Paytm, one of India’s largest digital payments services company, is on its way to launch its Rs 16,600 crore initial public offering (IPO) after receiving approval from the Securities and Exchange Board of India (Sebi) on Saturday, 23 October, reported PTI.
According to the report, the company is considering skipping the pre-IPO raise plans so as to fast-track the company's market debut timeline.
However, the company's plans of shelving the pre-IPO raise, which isn't yet confirmed, is not related to any valuation differences, reported IANS, quoting multiple sources aware of the developments.
The company, which was last valued at $16 billion when it last raised funds in 2019, is seeking to raise Rs 8,300 crore by issuing fresh stocks and the same amount of stocks will also be offered for sale after some pre-IPO share offloading. If raised, this would be the largest IPO in the country’s corporate history.
According to PTI, company founder and CEO Vijay Shekhar Sharma and Alibaba group will be diluting some of their stocks ahead of the IPO. Apart from them, Antfin (Netherlands) Holding BV, Alibaba.com Singapore E-Commerce, and Elevation Capital V FII Holdings will also be selling some of their stake in the company.
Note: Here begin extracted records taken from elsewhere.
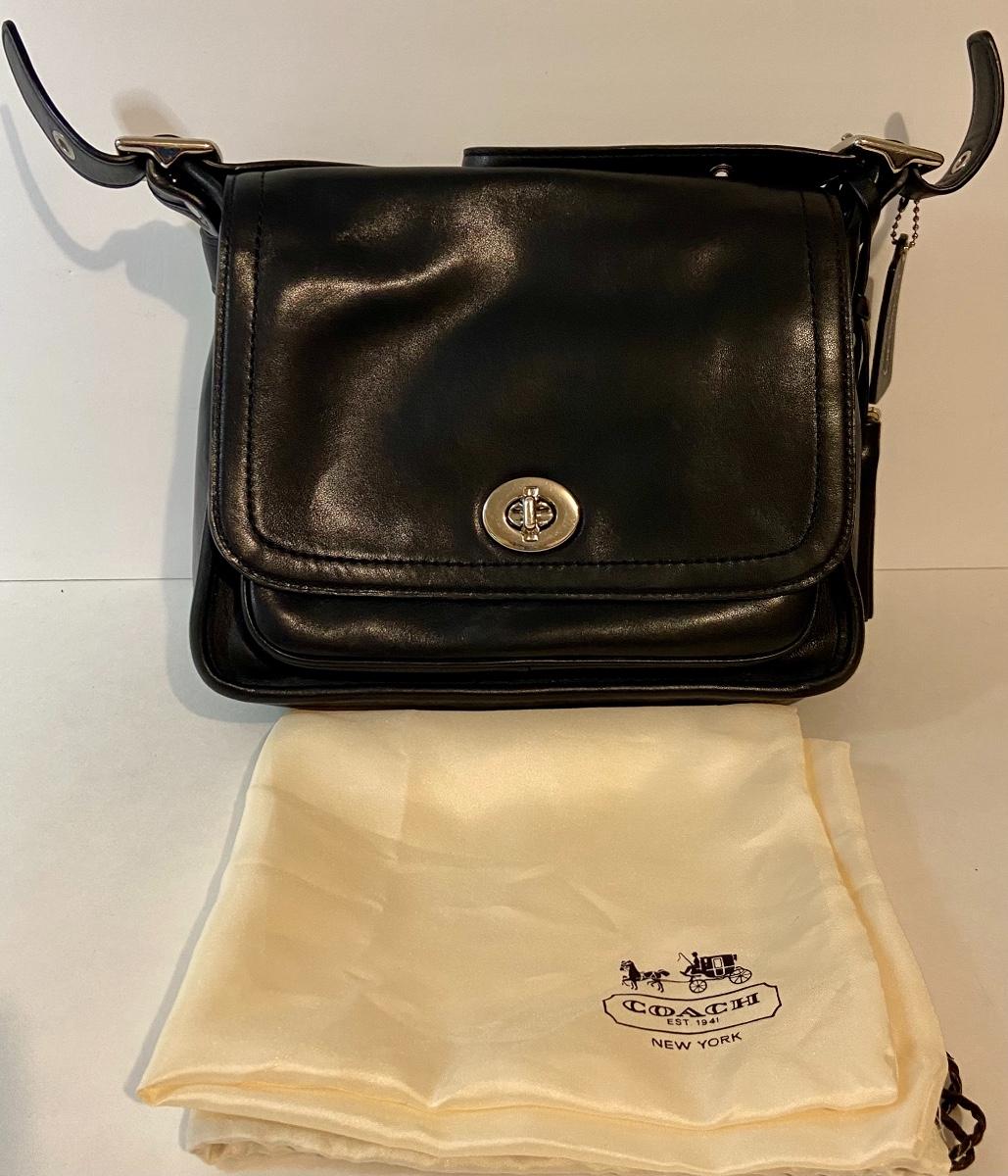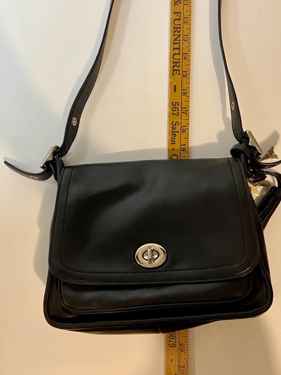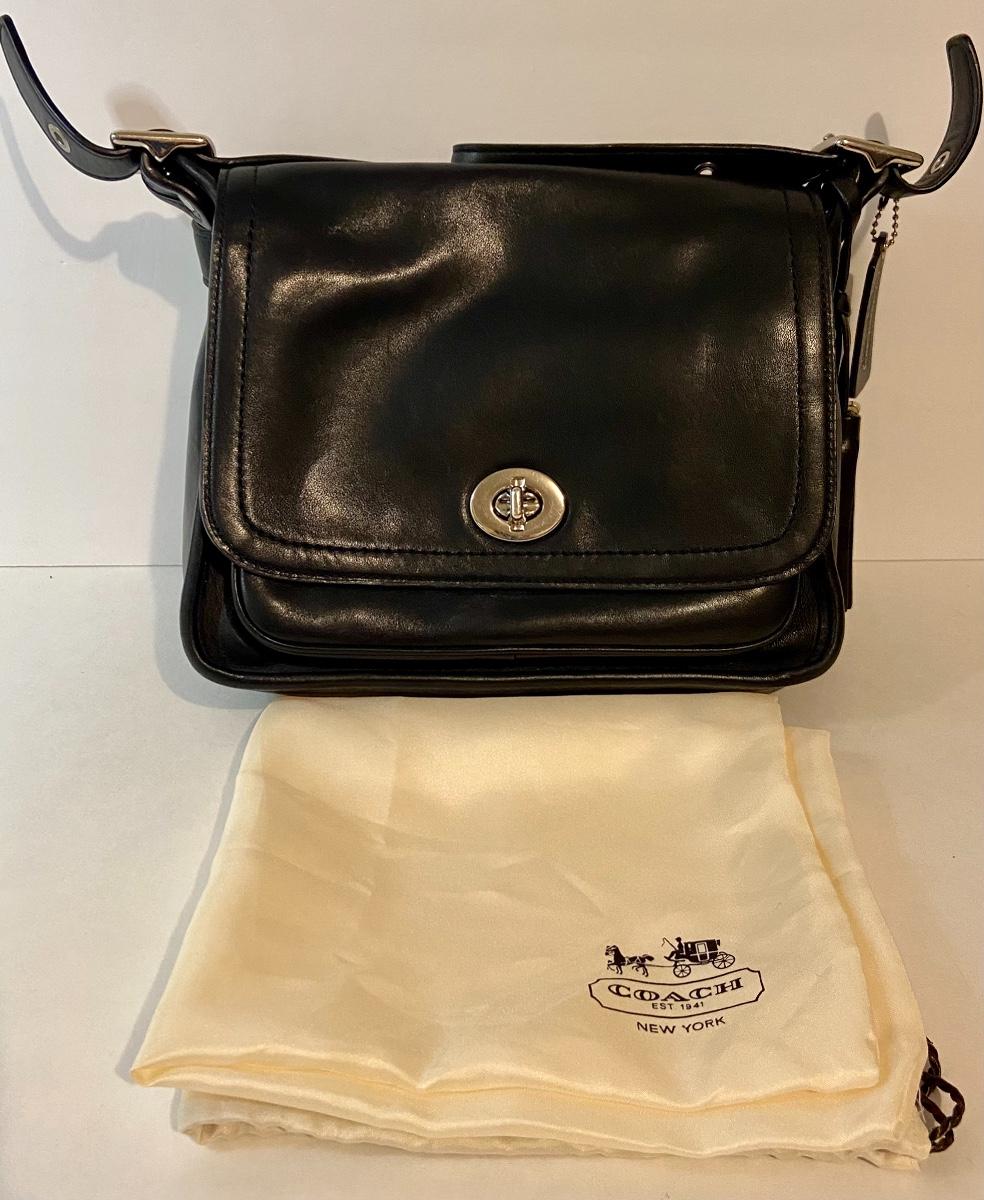 Lot 090: Medium Black Leather Coach Handbag/Crossbody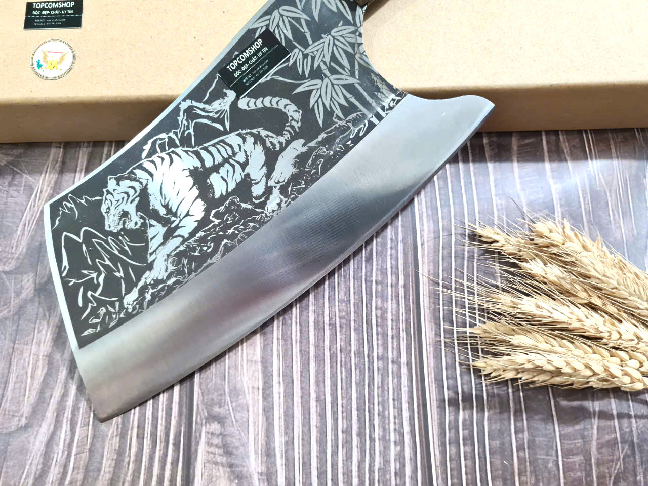 #- Chức năng: Chặt xương ống, chân giò,xương bò - Kích thước: Lưỡi: 24cm, cán: 12cm, rộng: 9,5cm, dầy: 4ly,trọng lượng: 800g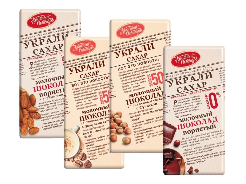 Кондитерская фабрика «Красный Октябрь», входящая в Холдинг «Объединенные кондитеры», удивила своих покупателей неожиданной новостью, размещенной на упаковке нового молочного шоколада. Согласно ей, произошло похищение сахара с кондитерской фабрики, побудив технологов разработать шоколад без сахара.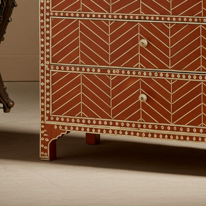 This intricately designed wooden chest of drawers features detailed bone inlay work forming geometric patterns. Its warm earthy tones and craftsmanship make it an elegant storage solution for any room.
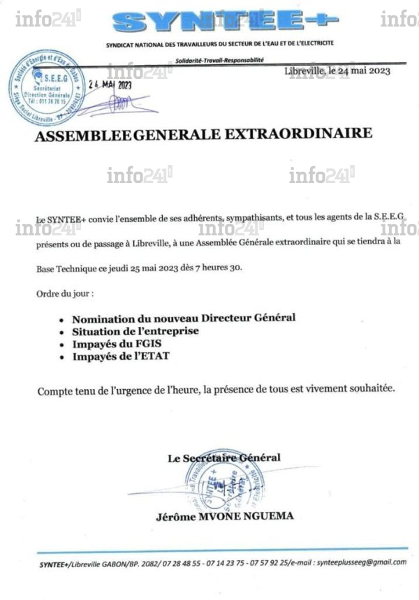Dans son appel à une assemblée générale extraordinaire ce jeudi matin, le syndicat des agents entend ratisser large en rassemblant l’ensemble des employés. « Le SYNTEE+ convie l’ensemble de ses adhérents, sympathisants et tous les agents de la S.E.E.G présents ou de passage à Libreville, à une Assemblée Générale extraordinaire qui se tiendra à la Base Technique ce jeudi 25 mai 2023 dès 7 heures 30 », indique la note parvenue ce mercredi à la rédaction d’Info241.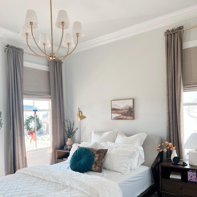 Pros: This chandelier is a cute, modern design with a nice brushed brass color (not super yellow gold). It’s not super heavy and was easy to install. Cons: one or two of the shades seemed a teensy bit crooked, as in not totally round at the bottom. And the wire pieces that hold the shades on the bulbs cast shadows on the shades. (The pic in the description with the chandelier illuminated is most definitely photoshopped.) The height of the chandelier can only be adjusted in 12” increments, just FYI, up to 48”. Still, for the price it’s pretty cute and it gives off lots of light. I bought it at 25% off, which is totally worth it at that price!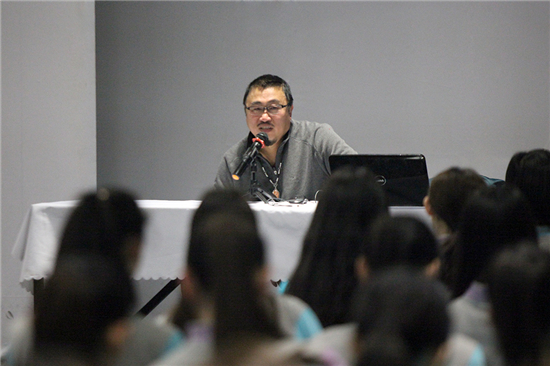 资深摄影师畏冰来到北京新面孔模特学校,为正在我校参加全国高等院校表演专业招生会的模特艺考生们讲解《镜前表现》。

As of FY21, the total revenue from the company’s operations stood at Rs 3,186 crore derived from 114 million users and over 7.4 billion transactions. According to the PTI report, Paytm has reported a negative cash of Rs 222.1 crore due to operation cost and working capital requirement this financial year.
According to an Indian Express report, the company will be listing its shared on the BSE and NSE by mid-November. The report further states that Paytm plans to used Rs 4,300 crore from the issue to expand its existing business line and acquire new merchants.